== Action item ==
Print only the lines below, from the very first to the one containing "AITA for telling", exactly as they stand. Do not print pictures.

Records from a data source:
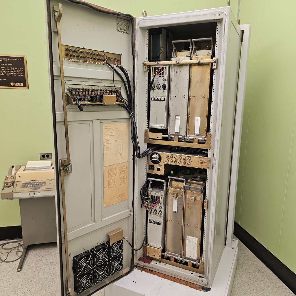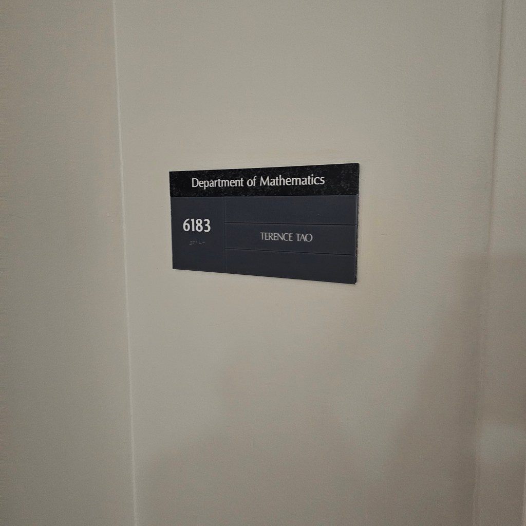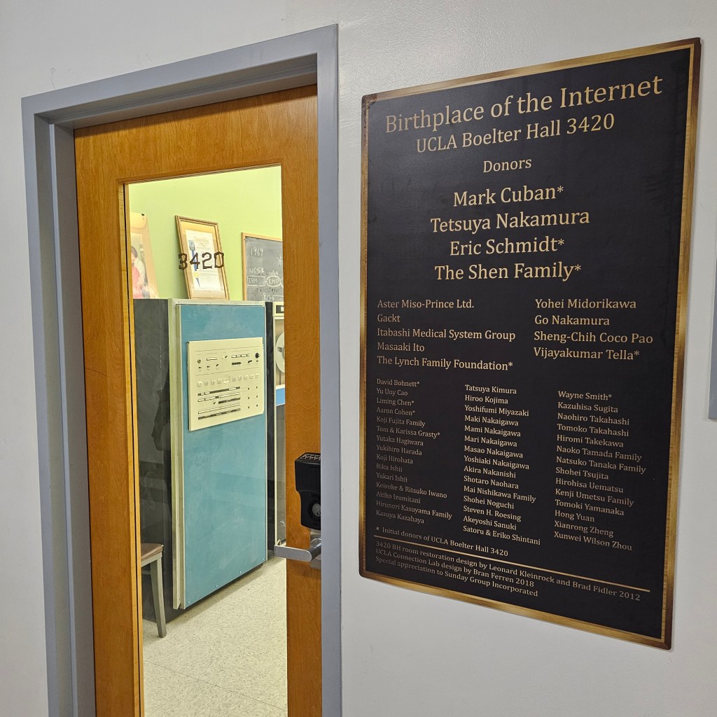 下午再往回跑去參觀UCLA,有個胖子說要吃吃看In-N-Out,只能說味道不錯性價比超高。有幸見到Terence Tao跟Igor Pak…的辦公室(?),還剛好有人介紹了網路的起源,最早發出去的訊息是一群研究生要發login但發完lo之後對面的auto complete造成溢位就停了。
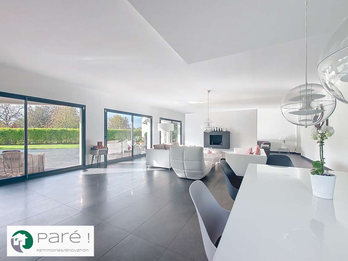 A spacious entrance hall leads to a SPLENDID AND BRIGHT 85m² LIVING ROOM, opening onto the terrace and swimming pool, perfect for entertaining family and friends in a friendly and comfortable atmosphere.
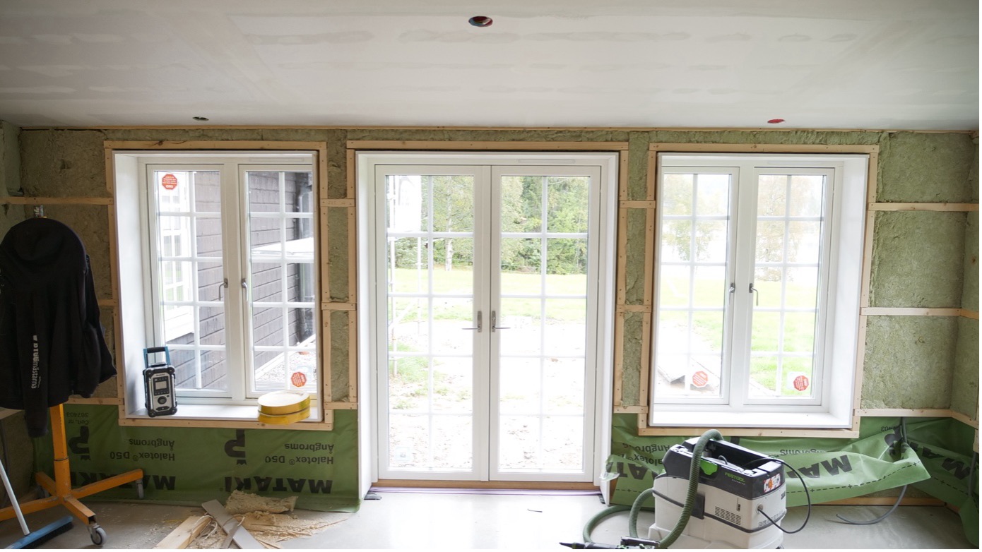 Tillbyggnaden byggdes med samma träfasad, kulör och takprofil som huset, vilket gör att den nyare delen känns som en självklar del av helheten redan från dag ett. De stora spröjsade fönsterpartierna och dubbeldörrarna ger rummet ljus och kontakt med naturen runt omkring.
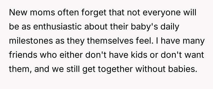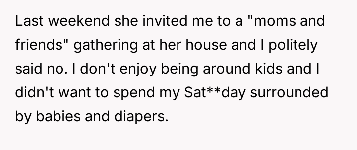 AITA for telling my friend I’m not interested in her baby or being involved in her new mom life?
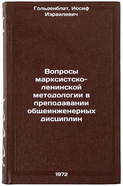 In Russian. Goldenblat, Joseph I. Issues of Marxist-Leninist Methodology in Teaching General Engineering. Moscow: 1972-. Voprosy marksistsko-leninskoy metodologii v prepodavanii obshcheinzhenernykh distsiplin. In Russian/Issues of Marxist-Leninist Methodology in Teaching General Engineering. All images are for identification of editions only. Several books of the same edition may be available. Please feel free to request photos of available books. SKU6793461
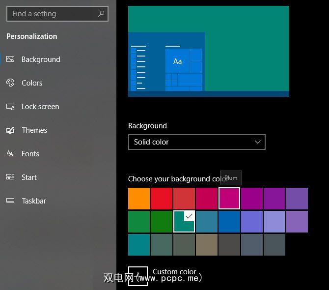尝试设置纯净的背景以避免这些干扰。转到设置>个性化>背景。在背景下拉框下,将选择更改为纯色。然后,您可以在下面选择一种颜色。
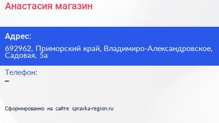 Анастасия, магазин по адресу 692962, Приморский край, Владимиро-Александровское, Садовая, 5а в дальнейшем Организация, размещена в следующих категориях:
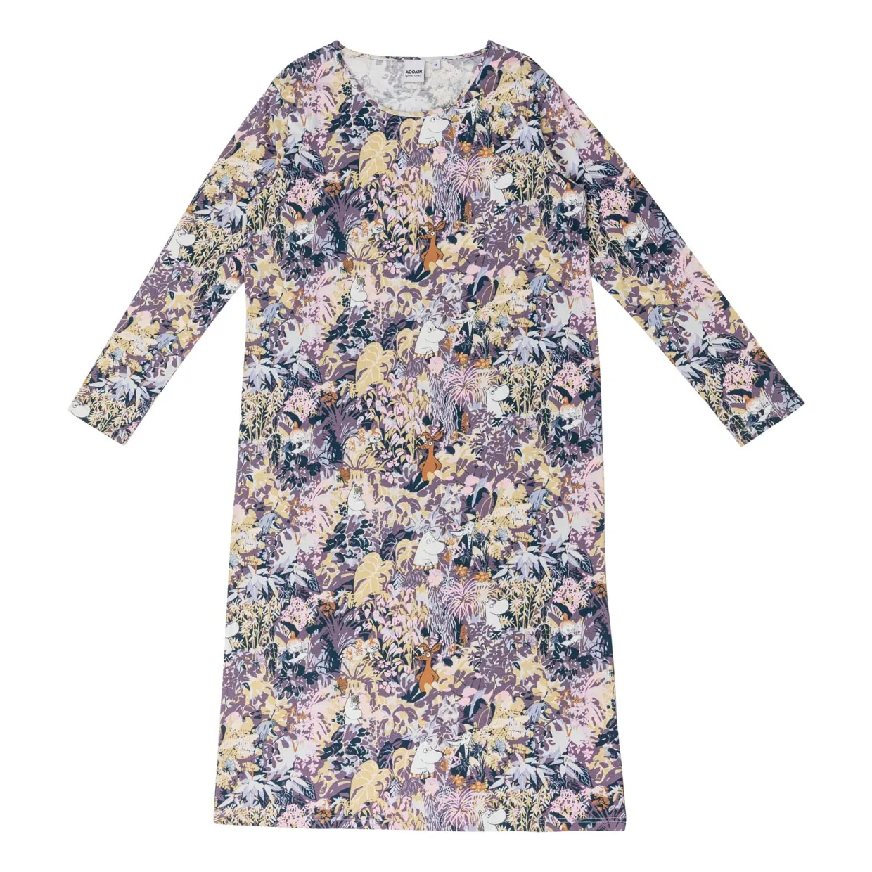 Färgglad långärmad nattlinne med A-linjeformad passform och det rikliga lövtrycket med Mymlan, Lilla My och Snorkfröken i huvudrollerna.

== Answer for this exercise ==
 下午再往回跑去參觀UCLA,有個胖子說要吃吃看In-N-Out,只能說味道不錯性價比超高。有幸見到Terence Tao跟Igor Pak…的辦公室(?),還剛好有人介紹了網路的起源,最早發出去的訊息是一群研究生要發login但發完lo之後對面的auto complete造成溢位就停了。
 A spacious entrance hall leads to a SPLENDID AND BRIGHT 85m² LIVING ROOM, opening onto the terrace and swimming pool, perfect for entertaining family and friends in a friendly and comfortable atmosphere.
 Tillbyggnaden byggdes med samma träfasad, kulör och takprofil som huset, vilket gör att den nyare delen känns som en självklar del av helheten redan från dag ett. De stora spröjsade fönsterpartierna och dubbeldörrarna ger rummet ljus och kontakt med naturen runt omkring.
 AITA for telling my friend I’m not interested in her baby or being involved in her new mom life?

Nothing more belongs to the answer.